Chaperone domain: residues 1–155, Escort domain: residues 156–195.

b

Residues selected in the ordered region based on: Dihedral angle order parameter, with S(phi)+S(psi)>=1.8 Selected residue ranges: 8–38, 48–56, 63–71, 74–114, 118–148, 153–155, 159–177, 182–188, 190–194.

c

Secondary Structure Element ranges: 22–36, 65–69, 77–81, 88–101, 108–114, 117–123, 127–139, 142–146, 166–174, 182–188

The NMR structure of MESD clearly suggests two distinct structural domains: the central core domain (residues 1–155) and a C-terminal flexible helical domain (residues 156–195).

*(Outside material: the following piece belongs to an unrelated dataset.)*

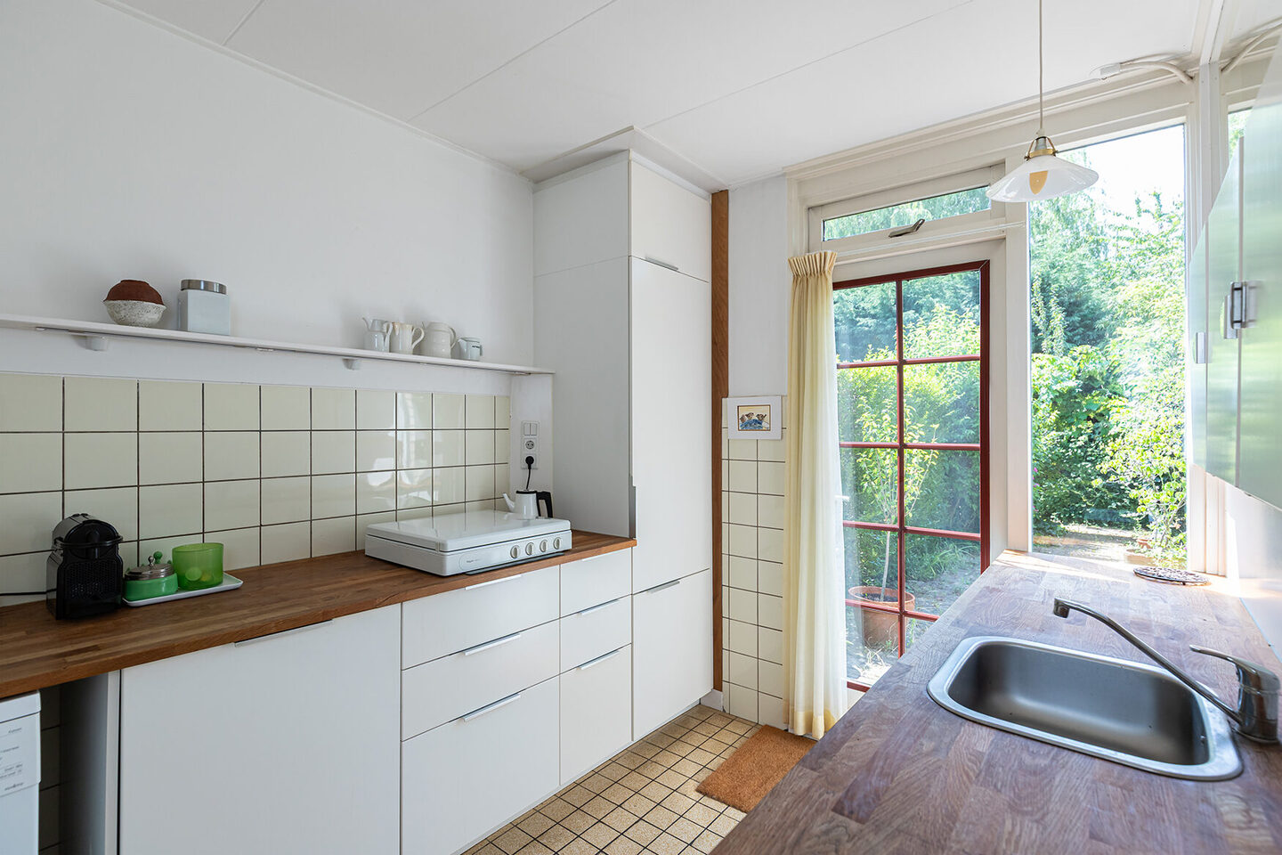 De dichte keuken is voorzien van een nette, witte keukeninrichting met veel opbergruimte. Vanuit de keuken is er directe toegang tot de tuin.

We show the core domain in green and the C-terminal flexible helical domain in yellow with the potential interacting residues highlighted (Figure 1C). In the core domain, W32 and H46 are shown as purple sticks, with an additional five lysines, K14, K15, K68, K71 and K72. These residues spread along the edge of the core domain and are solvent exposed, mostly located in the loops (K14, K15, H46, K71 and K72) and flexible helix 2 (K68), except W32 which is located in helix 1. In the C-terminal flexible helical domain, an array of positively charged residue side chains are shown as brown sticks, including K160, K162, K164, K166, K169, K173, K183 and R187. These residues are conserved and fully solvent exposed. They are also located on the same edge and close to those positively charged lysines in the core domain. The electrostatic surface of MESD (Figure 1D) confirms even though these positively charged residues are in different domains, they seem to localize in close proximity, forming a positive surface on one side of MESD (Blue surface).

The secondary and tertiary structures of MESD and its Drosophila orthologs are also compared (see Figures S1 and S2 available online). In figure S1, we compared the secondary structural locations of MESD with the NMR structure of a truncated mutant, MESD(60–155) (Kohler et al., 2006). Generally, secondary structural locations agree well between the two NMR structures with minor variations. In MESD, residues 22–37 form a long helix 1, which has extensive interactions with helix 2 and the C-terminal domain containing residues 156–195. The C-terminal domain of MESD forms two flexible helices, helices 5 and 6, interacting with helices 1 and 2 in the N-terminal part of MESD. We recently also determined the NMR structure of MESD(12–155), which is the most conserved domain of MESD across different species (Figure S2) (Chen et al., 2010). While MESD(12–155) and MESD adopt a similar tertiary structure, MESD(60–155) displays a major tertiary structural difference (Figure S2). In MESD(60–155), three helices, colored in purple, red and pink, are on the top of the β-sheet (Figure S2A). In contrast, only two helices (purple and pink) on the top, whereas the red helix is under the sheet in both MESD(12–155) and MESD (Figure S2B and S2C). Instead, an N-terminal helix between residues 22–37 (brown) is located on the top of the sheet in MESD and MESD(12–155). This helix is missing in MESD(60–155), however, it is functionally important since it contains the critical residue, W32 (Culi and Mann, 2003). The absence of this crucial helix in MESD(60–155) may be the reason for the tertiary structural difference between MESD and this mutant. The structure of MESD(12–155) is conserved in MESD with noticeable structural difference of helix 2 (residues 64–69) due to the domain-domain interactions, as evidenced by many inter-domain NOEs observed between helix 2 and the C-terminal flexible domain, residues 156–195 (Figure S3 for an example).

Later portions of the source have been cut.